Make sure that the image contains only one ID card. This is very important.
The ID card should cover a large portion of the input image. The model can perform better if the input image is mostly covered with only an ID card.
For the front side, the JSON contains 5 main keys:
fields - The dictionary containing key values of each field on the ID card. The keys include:
idnum - ID card number
th_name - Thai first name and last name
en_fname - English first name
en_lname - English last name
religion - Religion
address_1 - First line of address
address_2 - Second line of address
dob_{th,en} - Date of birth in TH/EN
doi_{th,en} - Date of issuance in TH/EN
doe_{th,en} - Date of expiry in TH/EN
serial_id - Serial ID of the ID card, display under face section in the card
postprocess_fields - The dictionary contains additional information obtained from post-processing for further use. These fields contain 2 additional fields:
address - contains the postprocess information about address on ID card. This field contains the following keys:
district - District name in Thai
subdistrict - Subdistrict name in Thai
province - Province name in Thai
road - Road name, if exists
Soi - Soi name, if exists
moo - Moo if exists
homenum - Home number
subdistrict_en - Subdistrict name in English
subdistrict_id - Official subdistrict ID
district_en - District name in English
district_id - Official district ID
province_en - Province name in English
province_id - Official province ID
postal_code - Postal code of the specified address
person - contains the post-process information about person on an ID card.

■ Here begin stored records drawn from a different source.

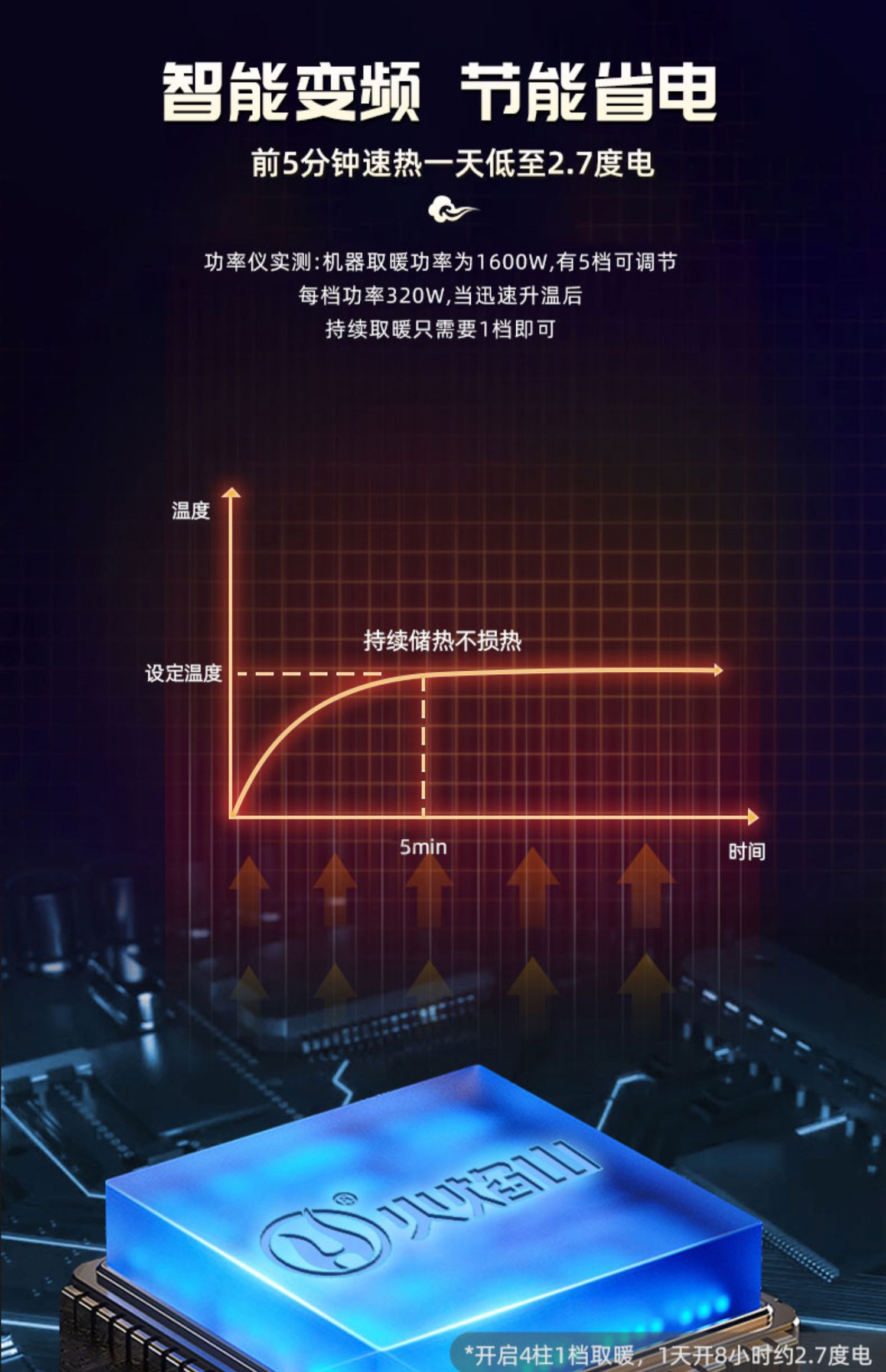 火焰山电暖桌可以提升热效率达98%,高灵敏度传感器,全新算法,无感变频控制,无感自动恒温,节能和舒适的最佳平衡。
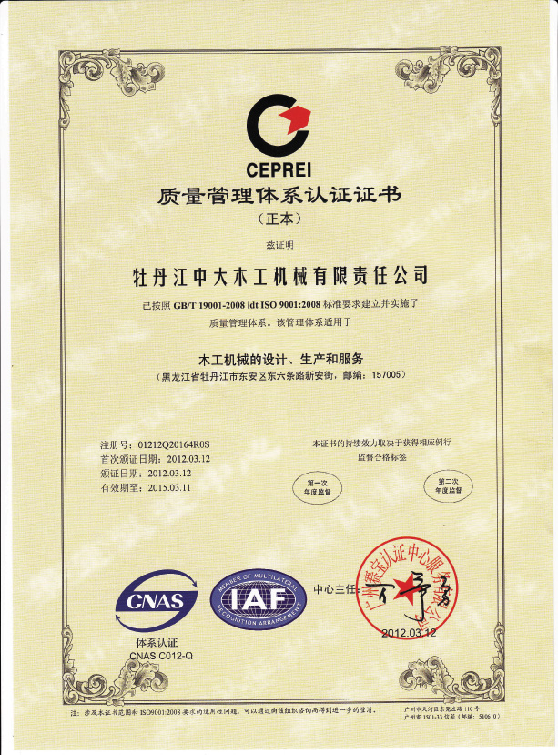 质量管理体系认证证书
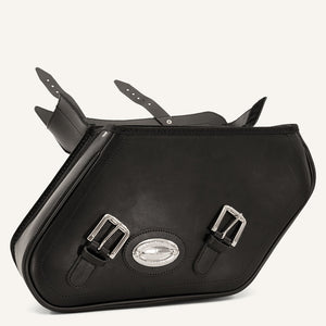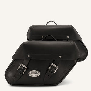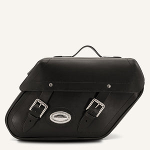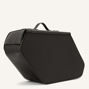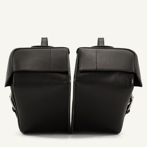 Set of 2 hard-shelled slanted leather panniers. The Classic 35 are wrapped in high-quality black leather, finished for maximum durability. Oiled on the outside, and sealed from the inside to block humidity.
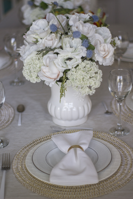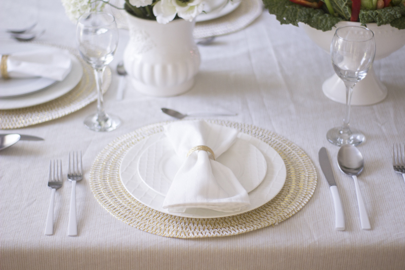 Using white plates keeps the table neutral and classic. Simple white napkins are placed on top of the plates and the gold and white shimmery placemats act as a charger.
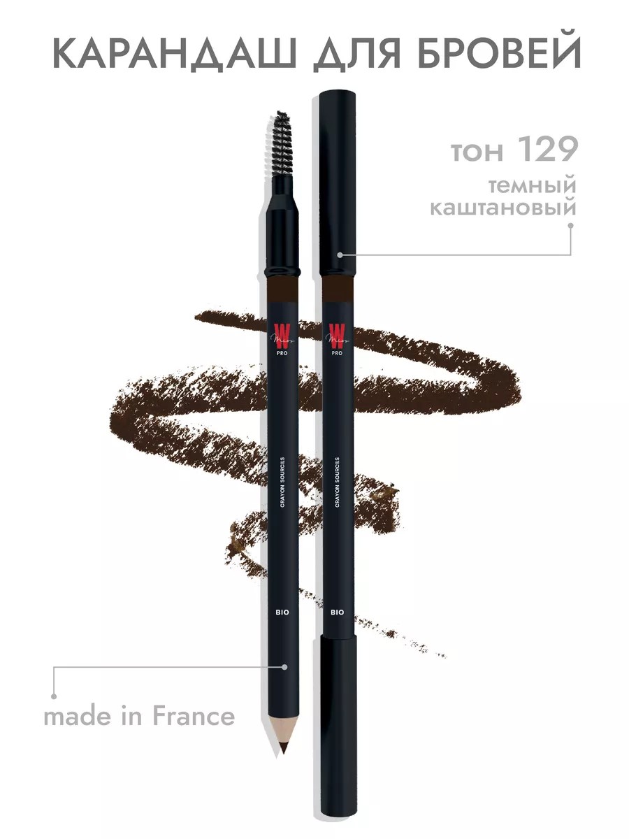 MISS W PRO Карандаш для бровей 129 Темный каштановый
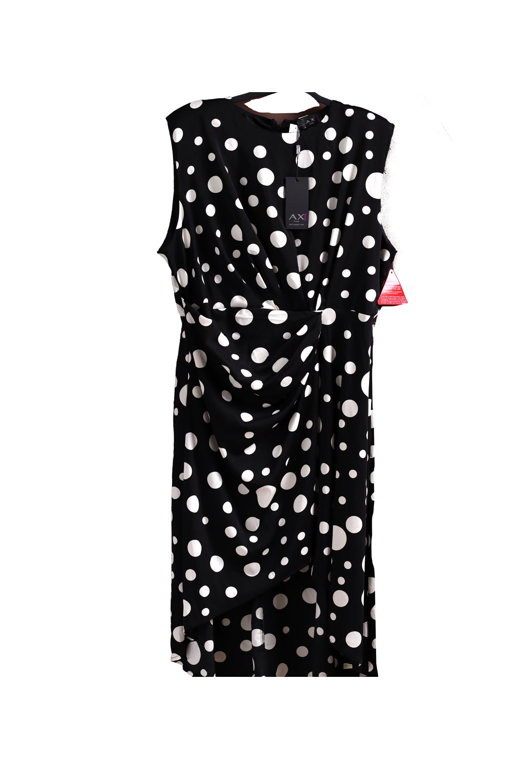 Dámské černé značkové elastické šaty s bílými puntíky / AX PARIS/ XXXL (50/52) / UK 24 / ANGLIE
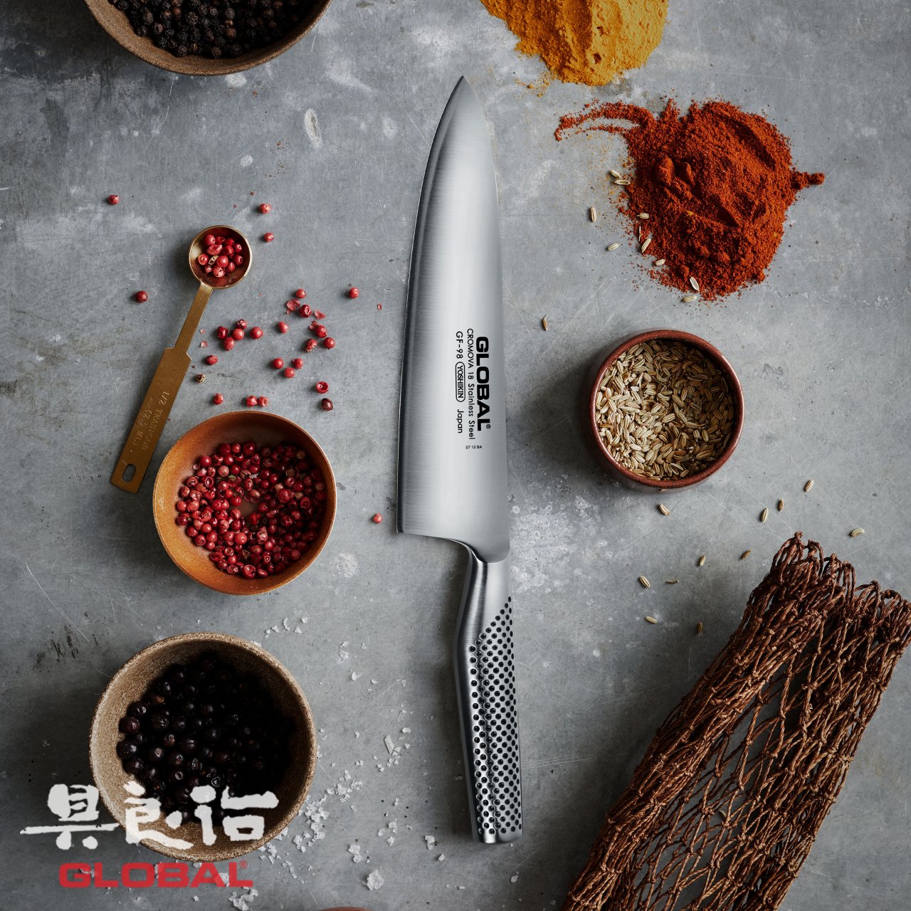 Frutto di lunghi studi e di un design accurato e minimal, il marchio Global coltelli basa il suo successo sulla tradizione dei coltelli da cucina giapponesi: una tradizione che si estende fino ad oggi attraverso il maestro e designer Komin Yamada. Si tratta di un marchio fondato nel 1985 e con sede in Giappone che rappresenta ciò che c'è di più creativo e visionario nel mondo della cucina.
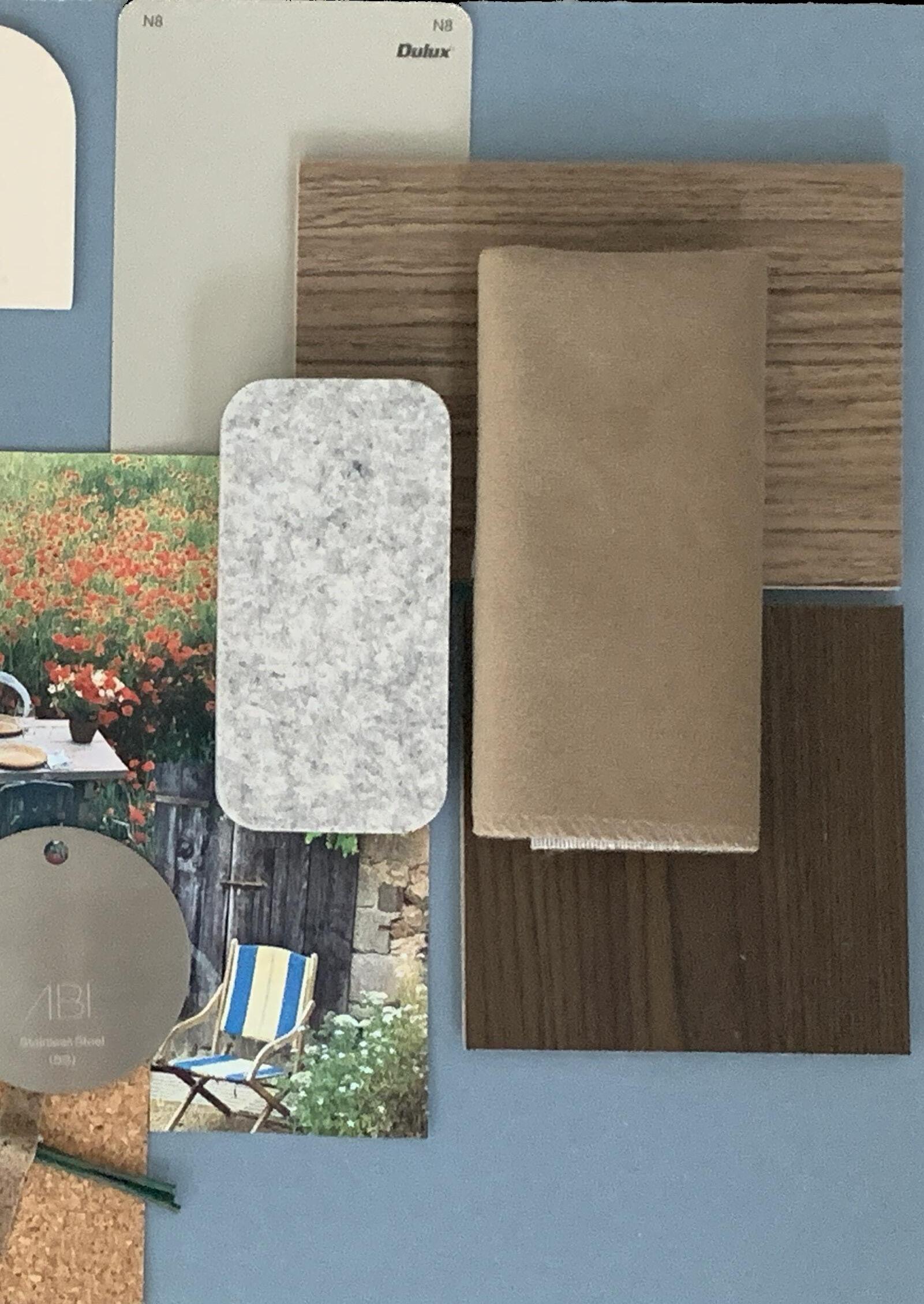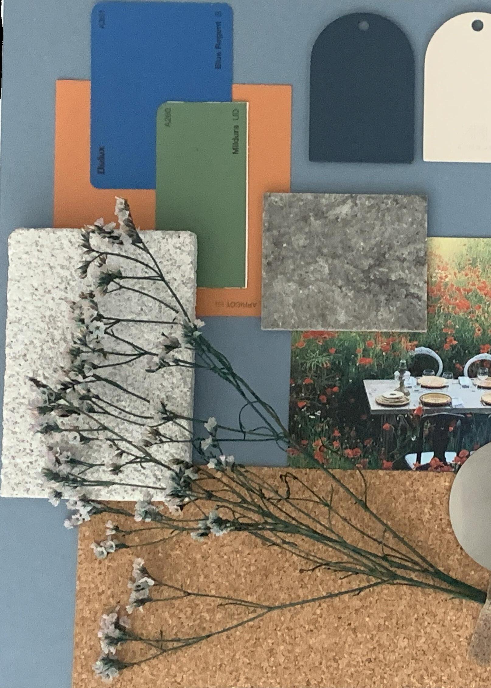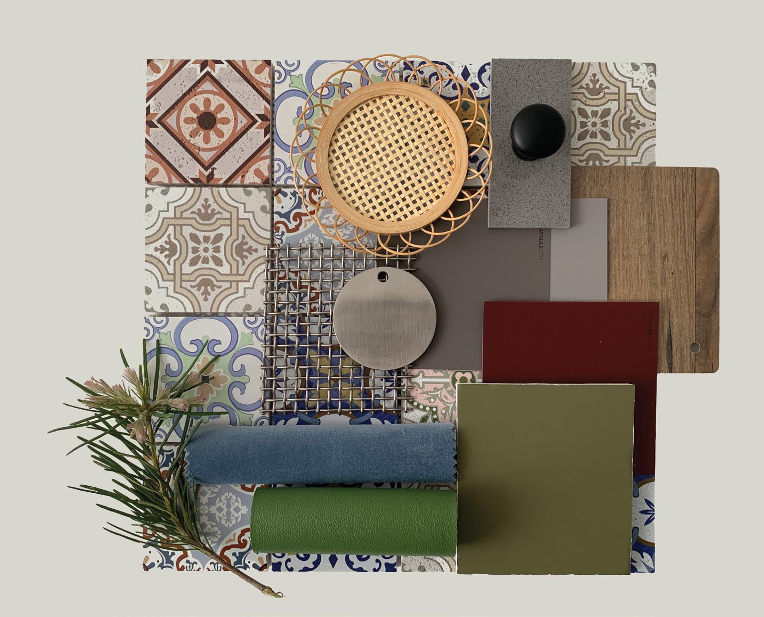The aim is to blend the contemporary aspect house and its surroundings by using a range natural feel. This includes a textured fabric stone, various shades of green to create a and neutral colours to promote relaxation Additionally, contrasting elements such as touches of red are incorporated to achieve a charming aesthetic.
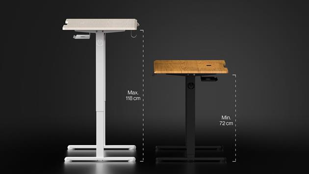 Die Serie wurde entwickelt, um sich nahtlos an den Ablauf des Tages anzupassen. Der eingebaute elektrische Höhenversteller mit Speicher für bis zu drei Einstellungen ermöglicht eine präzise Höhenverstellung von 72 bis 120 cm beim L-Modell und von 72 bis 118 cm beim S-Modell, sodass man bequem zwischen Sitzen und Stehen wechseln kann. Das Ergebnis: eine verbesserte Körperhaltung und eine geringere Belastung der Wirbelsäule.
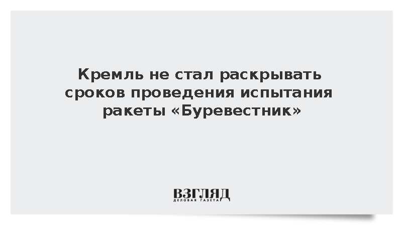 Кремль не стал раскрывать сроков проведения испытания ракеты «Буревестник»
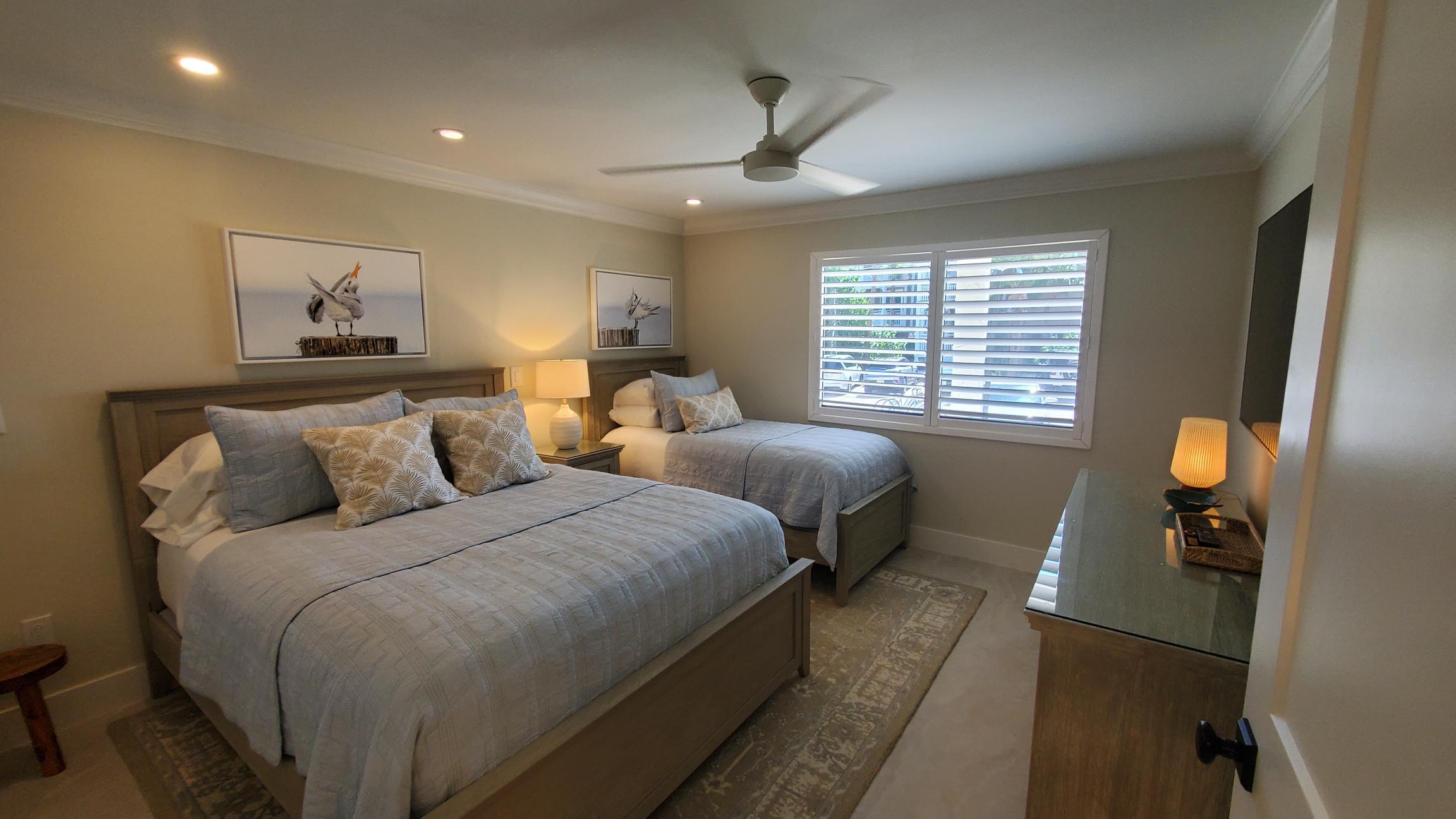 Perfect for guests or family, the second bedroom offers a queen and a twin bed with soothing coastal decor. It also comes equipped with a wall mounted smart TV. An attached bathroom features a quartz countertop vanity, shower-tub combo, and soft, hotel-quality towels.

This field also contains the following keys:
title_th - Title of Thai name
title_en - Title of English name
th_fname - First name in Thai
th_lname - Last name in Thai
en_fname - First name in English
en_lname - Last name in English
gender - Biological gender according to title
face - The base64 string of the extracted face on the ID Card
rotation - the rotation degree required for the image in case that the image isn’t0 degree straight
process_time - time required to process the model in seconds. (This time excludes the time required for the API to be sent/received.)